After this bug is fixed, MAX(x) - MIN(x) will be doing math on a double integer that is representative of the DATE and/or TIME, but it is not a number that aught to have math done on it since the result is most likely meaningless.  

For example, 2010-10-09 07:06:05 would be converted internally to this integer; 20101009070605.  Returning 20101009070605 - 20000101000000 = 100908070605 is useless as a datetime interval because it does not consider leap years or the actual length of a 'month'.  The appropriate DATE/TIME functions do consider leap years and do not attempt to return an interval in years or months, which are inexact periods of time.  (Please note that 3934 is the real number of days between 2000-01-01 and 2010-10-09 including Feb 29 in 2000, 2004 and 2008.)
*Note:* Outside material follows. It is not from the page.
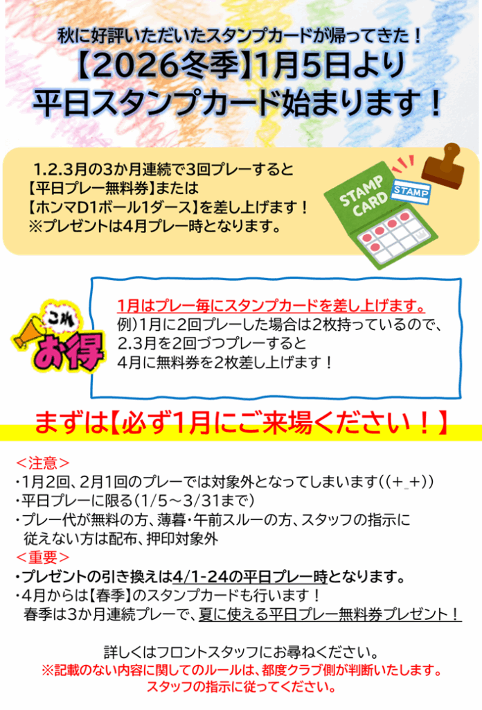 Informationお知らせ TOP > INFORMATION > 2026.1月~平日スタンプカード開始! 一覧ページへ戻る 2026/01/15 2026.1月~平日スタンプカード開始! 平日3か月連続来場スタンプカード配布中! 期間:2026年1.2.3月の3か月 スタンプカードの配布は、1月中で終了です! 1月にプレーに来てください!! 冬季プレゼントの引き換えは、4/1~4/24までの平日プレー時となります! 皆さまのご来場お待ちいたしております★ <対象外の例> ・プレー代が無料の方 ・休日に来場の方 ・プレーをしない方 ・薄暮・午前スルーの方 上記の場合は、スタンプカードの配布、押印はいたしません。 一覧ページへ戻る ACCESS DRESS CODE

I am working on a fix that consistently converts string DATE/TIME types to these large integers even when used with MIN/MAX and other aggregate functions, but that is not the recommended way to do math on DATE and TIME types.
[23 Nov 2009 21:18] Bugs System
A patch for this bug has been committed. After review, it may
be pushed to the relevant source trees for release in the next
version. You can access the patch from:

  http://lists.mysql.com/commits/91355

3208 Kevin Lewis	2009-11-23
      Bug#47631 - Math on DATETIME types is now consistently done as a longlong.
     @ mysql-test/r/cast.result
        Expanded and improved this test while checking for similarities to Bug#47631. All of these results were correct before the fix for 47631.
     @ mysql-test/r/func_time.result
        Bug#47631 - Math on DATETIME types is now consistently done as a longlong.  This afected the results of tests that referred to now()-now().  
        Added an array of tests that were used while debugging 47631.
     @ mysql-test/r/sysdate_is_now.result
        Bug#47631 - Math on DATETIME types is now consistently done as a longlong.
     @ mysql-test/t/cast.test
        Expanded and improved this test while checking for similarities to Bug#47631. All of these results were correct before the fix for 47631.
     @ mysql-test/t/func_time.test
        Bug#47631 - Math on DATETIME types is now consistently done as a longlong.  This afected the results of tests that referred to now()-now().  
        Added an array of tests that were used while debugging 47631.
     @ sql/item.cc
        Bug#47631 - Added Item::is_time(), similar to Item::is_datetime()
     @ sql/item.h
        Bug#47631 - Added Item::is_time(), similar to Item::is_datetime()
     @ sql/item_func.cc
        Bug#47631 - Math on date and time types is now consistently done as a longlong.  This is accomplished by setting the Item_func_minus::hybrid_type to INT_RESULT in calls to fix_length_and_desc and by doing the correct conversion to this longlong by calling get_datetime_value() or get_time_value().
     @ sql/item_func.h
        Bug#47631 - Math on DATETIME types is now consistently done as a longlong.
     @ sql/mysql_priv.h
        Bug#47631 - Allow get_time_value() to be called from item_func.cc like get_datetime_value() is.
[26 Nov 2009 16:58] Evgeny Potemkin
Our manual describes the "-" operator as a numeric one, see http://dev.mysql.com/doc/refman/5.1/en/numeric-functions.html. This means that the correct result isn't guaranteed for any argument types but the numeric ones.
In order to subtract DATE/DATETIME values you should use appropriate functions, see http://dev.mysql.com/doc/refman/5.1/en/date-and-time-functions.html.
Because of this it's not a bug.
[11 Jan 2010 16:44] Paul DuBois
Reclassifying as docs bug, assigning to myself.
[11 Jan 2010 16:48] Paul DuBois
Thank you for your bug report. This issue has been addressed in the documentation. The updated documentation will appear on our website shortly, and will be included in the next release of the relevant products.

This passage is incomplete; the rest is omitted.